The UK unemployment rate rose to 5% in the three months to March, up from 4.9% in February, marking the first monthly climb driven by the Iran war's impact on business hiring. Payroll employment dropped 100,000 in April—the biggest monthly fall since May 2020—and more provisional figures are likely to be revised even lower as the tax year settled.
Job vacancies collapsed. Job openings fell 28,000 to 705,000 between February and April, the lowest level in five years. Lower-paying sectors such as hospitality and retail saw the steepest declines in both vacancies and payroll numbers. Firms are pausing recruitment as labour costs remain a key concern and uncertainty about the conflict deepens their caution.
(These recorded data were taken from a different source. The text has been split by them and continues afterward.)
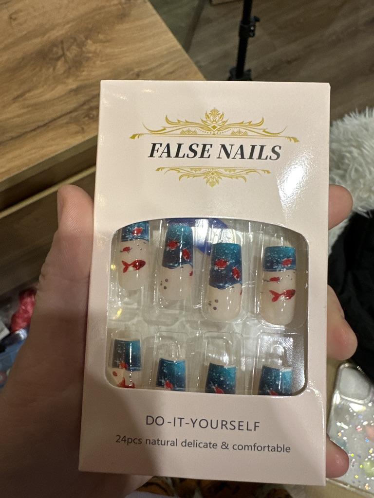 24 Stück Abnehmbare Quadratische Glas Tragbare Nägel mit Unterwasser-Goldfisch-Elementen
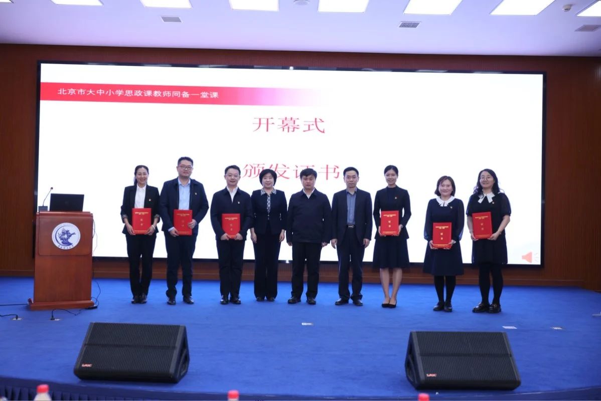 中国人民大学党委副书记、副校长王易,开云kaiyun体育党委常委、副校长李建军,北京市委教育工委宣教处处长于海,向示范教学授课教师颁发证书。
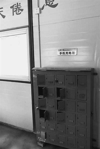 项目部专门购置了一台像报箱一样的柜式充电器,每个小箱子有钥匙,可供几十台手机同时充电。

Wage growth slowed to 3.4% in the first three months of 2026, the weakest pace since 2020. Adjusted for inflation, average weekly earnings grew only 0.3% annually—barely keeping pace with prices. Households are already feeling the squeeze as bills rise.
Youth hit hardest
The youth unemployment rate has reached 14.7%, its highest since late 2014. Separate research from the Institute for Fiscal Studies shows the decline in youth employment rates between December 2022 and December 2025 is now approaching the scale of losses seen during the 2008 financial crisis and Covid-19 pandemic. Early career unemployment carries lasting consequences; economists warned policymakers cannot assume the problem will self-correct once economic conditions improve.
The labour market weakness gives the Bank of England room to hold interest rates steady longer while it monitors the conflict's ongoing impact. Investors cut bets on rate hikes, pricing in roughly two quarter-point increases for the remainder of 2026, down from roughly a 50-50 possibility of a third hike the day before. Inflation data arrives Wednesday.